The least controversial place for AI creatives, as you might have already guessed, is adult. Here the offers are based on fantasies by default, so audiences don’t expect documentary-level authenticity in the same way they do elsewhere. Besides, animated characters are hardly a novelty in this genre, and AI simply introduces another art style, bordering hyperrealism. Generated models and avatars are okay, as long as you don’t pretend they represent real people. To sum it all up: if you decide to use AI creatives, don’t bait users with something human you can’t really deliver.
By the way, many popular AI models actively restrict or refuse 18+ prompts, so if you want to know which ones are still usable in the adult vertical, we’ve covered that in our AI model comparison overview:
Wellness, nutra and beauty are also body-related, but here AI needs the tightest leash. Don’t get us wrong, abstract lifestyle visuals with healthy routines and “I’ve got my life together” energy are all fair game. But if you fabricate snatched bodies after weight loss or glowing skin transformations, that’s deception. Do your creatives imply a real journey with personal results? Then AI should be nowhere near it.
Unlike adult offers, in dating, fantasy only goes so far. AI visuals can work at the ad level if they sell a vibe: romantic atmosphere, emotions, the idea of connection. But if the ad contains generated faces presented as “real singles near you” or, God forbid, deepfaked photos stolen from real people who never consented to be there, you are in trouble. The first one is misleading, the second is illegal and, anyway, nobody signs up hoping to talk to a synthetic person or something scraped from the internet.
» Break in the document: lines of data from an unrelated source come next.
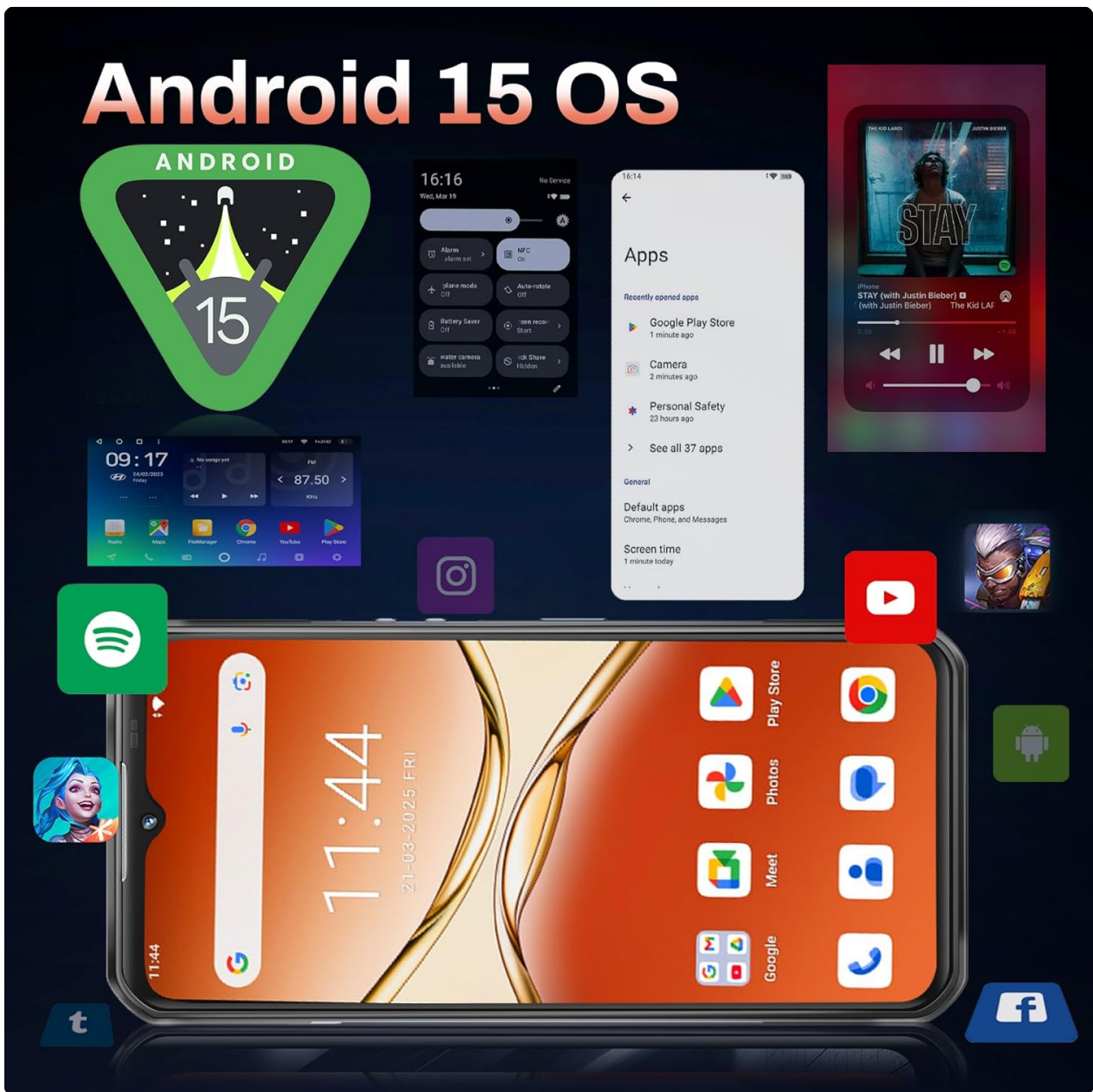
Image: Screenshots of the Android 15 operating system interface on the OUKITEL WP55 Pro, showing various apps and settings.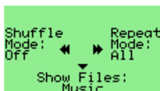
Figure 4.5.: The F2 quick screen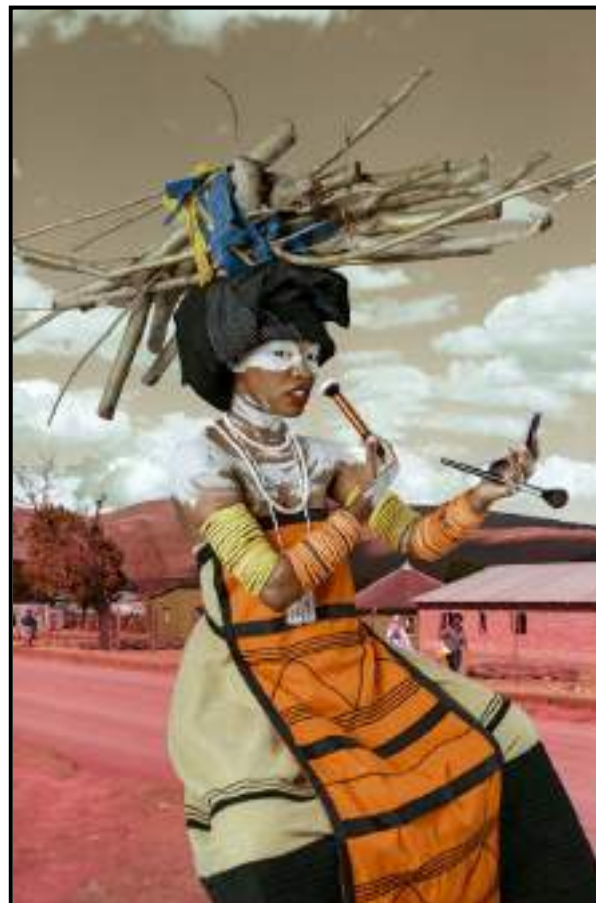
FIGURE 1b: Tony Gum, Ode to She , photograph, 2017.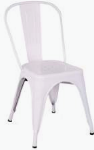
Ikon Chair White Stock Code: 793WE h 850 | sh 440 | w 355 | d 425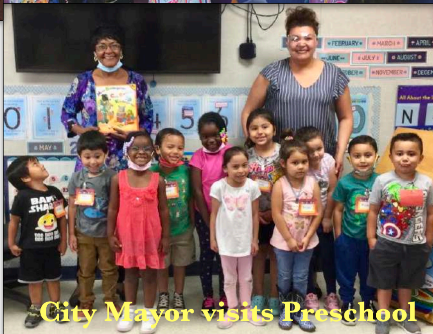
City Mayor visits Preschool

Finance audiences are unusually sensitive to any kind of bullshit lie. For offers like trading, crypto or investing, AI is tolerable only for design polish or (we know, we’ve repeated it a lot in this section) abstract visuals. Conceptual charts, diagrams or graphics explaining ideas are also fine, but you must clearly mark them as illustrative. A big no: fake profits, imaginary dashboards, insider success stories that never happened or (that’s a cheesy one) an AI-generated guy flexing a Lambo as proof of success. You won’t get your credibility back if you step into that territory.
Using AI in betting and gambling offers is fine if you do it for decorative purposes only. This niche has a very specific visual DNA, so using anything bright and flashy to recreate an adventurous mood (again, strictly abstract) won’t cause any issues. The fraud zone starts if you generate fake slips or imaginary “look what I won yesterday” stories. Users might not know every regulation by heart, but they know when they are being sold a fair chance versus a fairy tale.
Conclusion
We’ve already seen how this plays out when things go wrong. Big brands experiment with AI, misjudge the mood, absorb the backlash, issue a statement and move on. Affiliates don’t get that buffer. There’s no PR team between a bad creative and lower EPCs or patience from Google when rankings start to slide.
This article is not advocating for being anti-AI or doing things the old way. All we’ve ever wanted is to be practical. And that includes learning from mistakes made with other people’s budgets. AI will keep getting better, it’d be foolish to deny it. But so will users recognising when it’s being used carelessly. So the safest option we are all left with is to move deliberately and with context, instead of rushing ahead or digging in our heels. Brands can afford to find the edge by falling off it. Affiliates don’t need to repeat the fall to know where the edge is. Hope you see this edge more clearly now.